Most organizations will not be able to support even a fraction of the effort that went into the Yahoo or DMOZ directories, and given the examples of tagging systems that have already blown past those limits, the constraints of scale alone will push a number of groups away from formal classification, as the volume of material they want to cover grows even to hundreds of thousands of things. More importantly, the superior economic model of tagging as a by-product of self-interest, best described by Dan Bricklin in The Cornucopia of the Commons, will mean that even before those limits are reached, tagging will be the more attractive choice on practical grounds.

Or, like, do you seriously mean that tagging will replace all other kinds of categorization? Across the whole freaking web?

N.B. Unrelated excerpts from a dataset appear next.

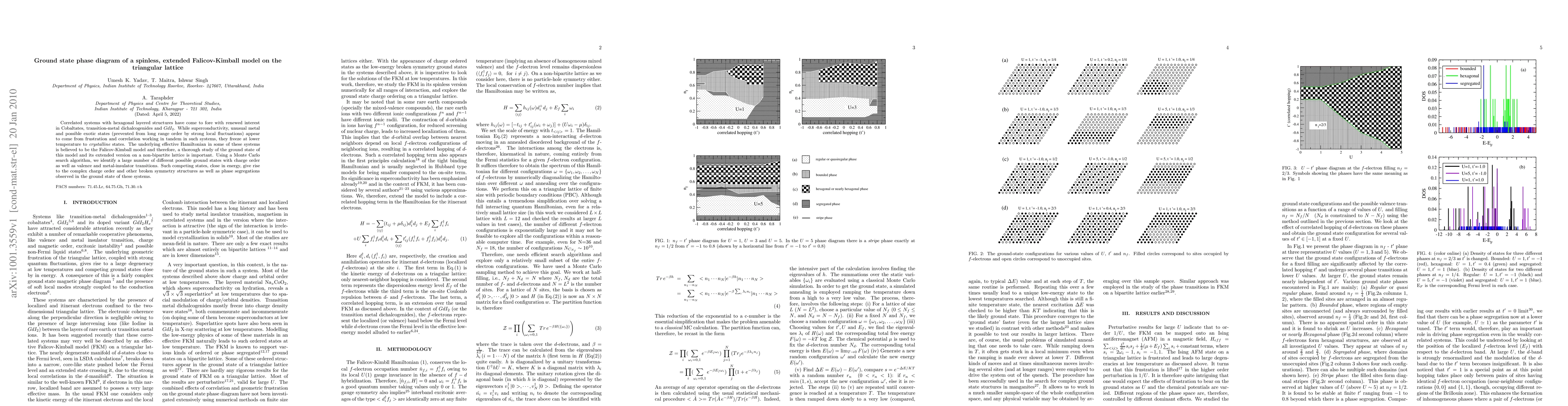 Correlated systems with hexagonal layered structures have come to fore with renewed interest in Cobaltates, transition-metal dichalcogenides and GdI2. While superconductivity, unusual metal and possible exotic states (prevented from long range order by strong local fluctuations) appear to come from frustration and correlation working in tandem in such systems, they freeze at lower temperature to crystalline states. The underlying effective Hamiltonian in some of these systems is believed to be the Falicov-Kimball model and therefore, a thorough study of the ground state of this model and its extended version on a non-bipartite lattice is important. Using a Monte Carlo search algorithm, we identify a large number of different possible ground states with charge order as well as valence and metal-insulator transitions. Such competing states, close in energy, give rise to the complex charge order and other broken symmetry structures as well as phase segregations observed in the ground state of these systems.
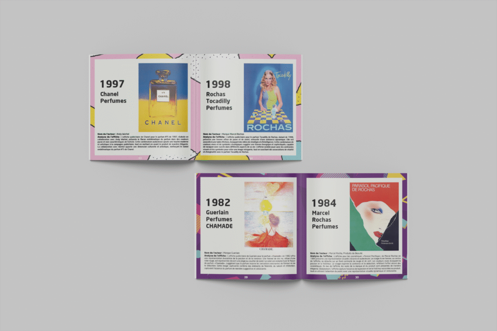 J’ai conçu et réalisé un livret retraçant un siècle d’affiches publicitaires de parfums. Ce projet m’a permis d’explorer l’évolution des tendances graphiques, typographiques et visuelles à travers différentes époques, tout en travaillant sur la mise en page éditoriale et la hiérarchisation des contenus.
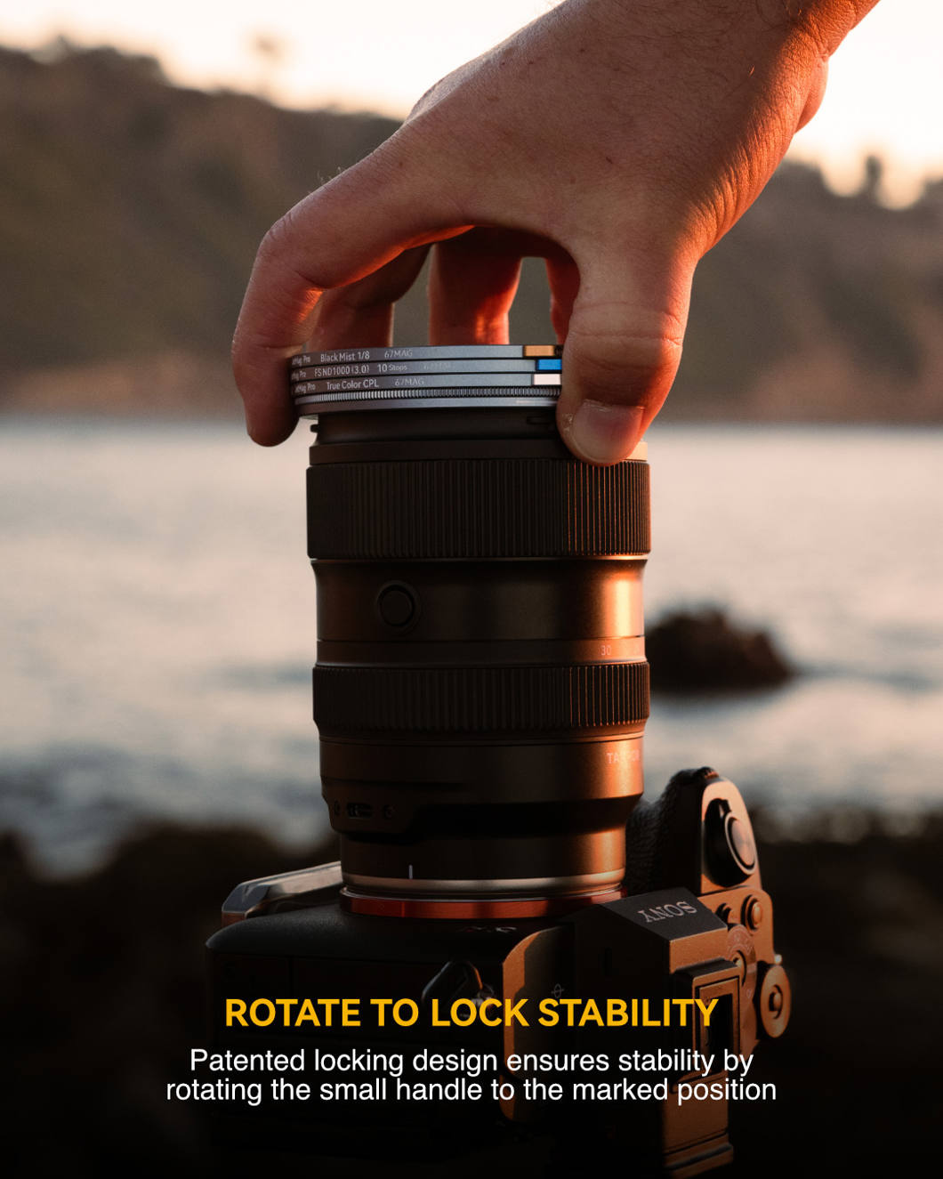 JETMAG filters are built for high-performance with ultra-slim frames that eliminate vignetting, even with ultra-wide lenses. The patented locking design ensures that stacked filters stay firmly in place, making these filters ideal for capturing landscapes, cityscapes, and portraits.

Surely not.

That ‘Surely not’ is an argument from personal incredulity, and one I think I can dispel by re-stating my position: Yes, I really do mean that tagging will replace other kinds of formal categorization. Across, like, the whole freaking web. Modeling the group mind with the group mind is both better and cheaper than making some small formalize their guesses on behalf of the larger group. When labeling strategies are concerned, it’s formal, accurate, large: pick two.

The only asterisk I’d place on that belief is for cases where forcing intellectual conformity on a user base is both desirable and feasible. We want there to be general agreement as to the categories of mental illness or distress, and the American Psychiatric Association has both the authority and wherewithal to produce that agreement in the US. But those cases are rare, and even when they are on balance desirable, their existence as a single source of doctrinal authority creates perverse incentives like the fight over defining homosexuality as an illness.

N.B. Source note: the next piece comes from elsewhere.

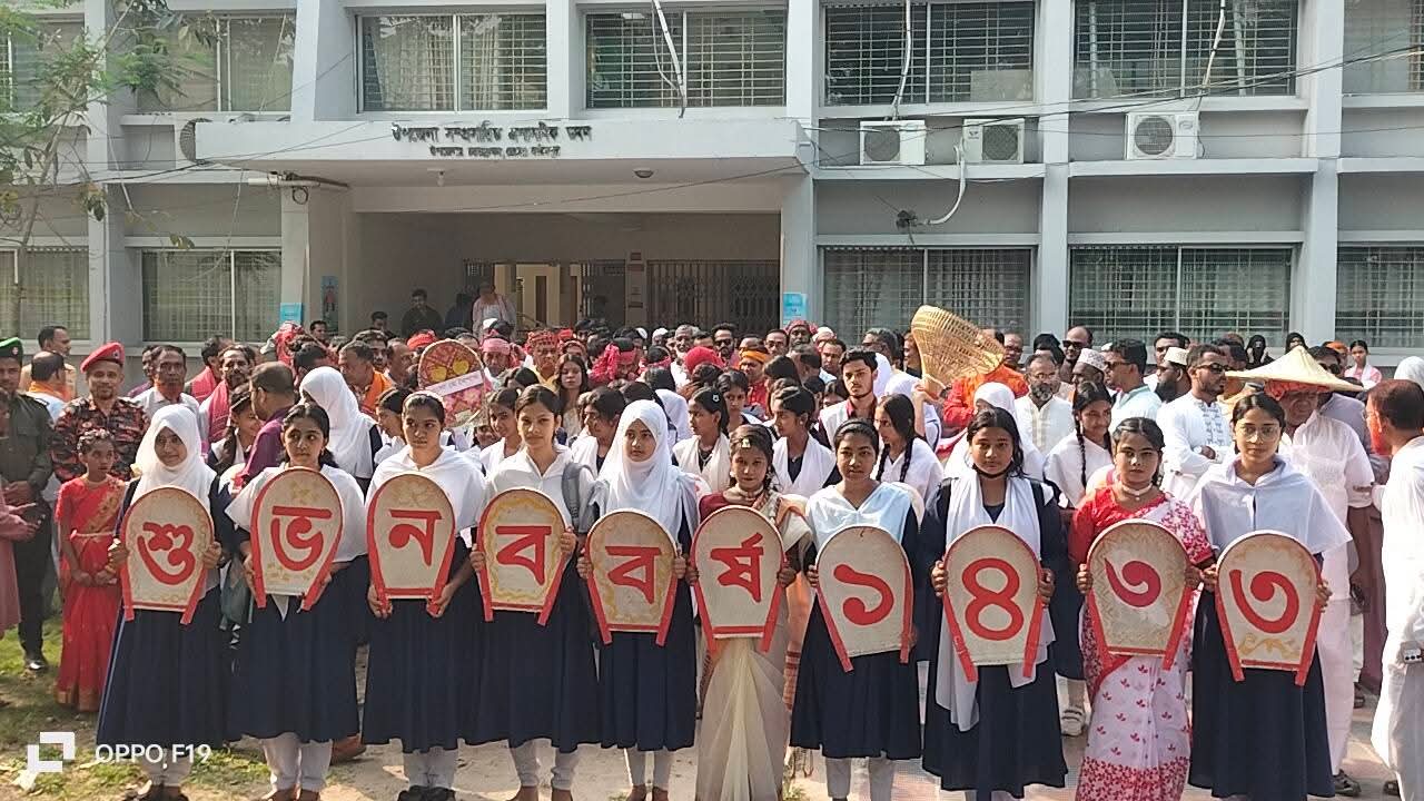 সকালে সাড়ে ৮টায় উপজেলা পরিষদ চত্বর থেকে একটি বর্ণাঢ্য বৈশাখী শোভাযাত্রা বের করা হয়। শোভাযাত্রাটি উপজেলার প্রধান প্রধান সড়ক প্রদক্ষিণ শেষে পুনরায় প্রশাসনিক ভবনের সামনে এসে শেষ হয়। এতে অংশগ্রহণকারীদের হাতে ছিল রঙিন ফুল, নববর্ষের শুভেচ্ছা সম্বলিত প্ল্যাকার্ড এবং গ্রামীণ লোকজ সংস্কৃতির বিভিন্ন উপকরণ। বৈশাখী সাজে সজ্জিত হয়ে উপজেলা প্রশাসনের কর্মকর্তা-কর্মচারীরা আনন্দঘন পরিবেশে শোভাযাত্রায় অংশ নেন।

But, as with Amazon, most places that offer digital categorization are only in the expensive and frustrating business of classification because they wrongly believe that is the best way to serve their users. That will change.

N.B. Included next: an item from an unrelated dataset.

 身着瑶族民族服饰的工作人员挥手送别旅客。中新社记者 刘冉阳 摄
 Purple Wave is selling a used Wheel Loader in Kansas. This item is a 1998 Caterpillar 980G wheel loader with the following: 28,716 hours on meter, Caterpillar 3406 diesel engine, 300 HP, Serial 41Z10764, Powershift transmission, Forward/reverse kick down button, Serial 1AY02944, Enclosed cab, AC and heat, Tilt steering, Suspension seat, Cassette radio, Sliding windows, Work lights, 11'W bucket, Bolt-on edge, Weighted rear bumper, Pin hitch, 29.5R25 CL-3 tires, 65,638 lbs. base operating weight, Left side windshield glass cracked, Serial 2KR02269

One can be enthusiastic about tags and folksonomies (I am) and still confront the serious problems that face them as a stand-alone tool for organizing information. Turning a blind eye to those problems is what turns strange zeitgeist into irrational exuberance.

This is both correct and a key point. I didn’t discuss this in Ontology is Overrated because I hadn’t yet understood it back in March: tags do indeed have serious problems as a stand-alone tool for organizing information, and compared to formal classification schemes, tags are not an acceptable replacement.

But tags aren’t a stand-alone tool. Tagging is the first post-search tool for information organization; tagging only makes sense in a world where Google has already become normal. Traditional cataloging systems, for all their faults (faults well understood by the catalogers themselves, I might add) had one clear reason for their continued viability: there was no real alternative. Pre-digital finding tools — book indices and card catalogs and thesauri and so on — were the only game in town.

No longer. Full text indexing, link analysis, trust networks, and related techniques now accomplish about 80% of what classification used to do for us. The reason I wrote, earlier, that tagging is displacing classification, rather than replacing it, is that tagging is merely handling the residual value that comes from labeling in a world where search has already taken over many of the important functions previously handled by classification systems.

The question is not whether tagging systems can do everything formal classification schemes used to do — they can’t, but they don’t need to. The question is: which is a better fit for the requirements of labeling in a post-search world — tagging, or formal classification? And my answer is tagging.

This is, yes, irrationally exuberant. To predict that something that’s been around less than two years is going to displace an activity that’s been around for centuries is, well, you can provide your own label for that belief yourself, but it’s a safe bet ‘rational’ won’t be high in the resulting tag cloud. But here’s the thing: you can’t understand technological change if you assume that new systems replace existing ones when the new systems outperform the existing ones.

One of the seminal moments for me in understanding the net came reading Paul Feyerabend’s Against Method. Feyerabend, a historian and philosopher of science, pointed out that new theories don’t in fact spread because they better explain the facts than old theories. They spread because they are a better mental fit, even when they explain fewer of the details.

One of his examples was the switch from geo-centric to a helio-centric view of the motion of the planets. The calculations of the motions of Mars made with geo-centric models, with all their retrograde motion, were highly accurate, and when the helio-centric model first appeared, it was a less useful for predicting Mars’ position than the well-debugged geo-centric tables. The increase in quality came only after the mental shift to helio-centrism happened, because once they had understood the new model, they then took on the job of building new tools.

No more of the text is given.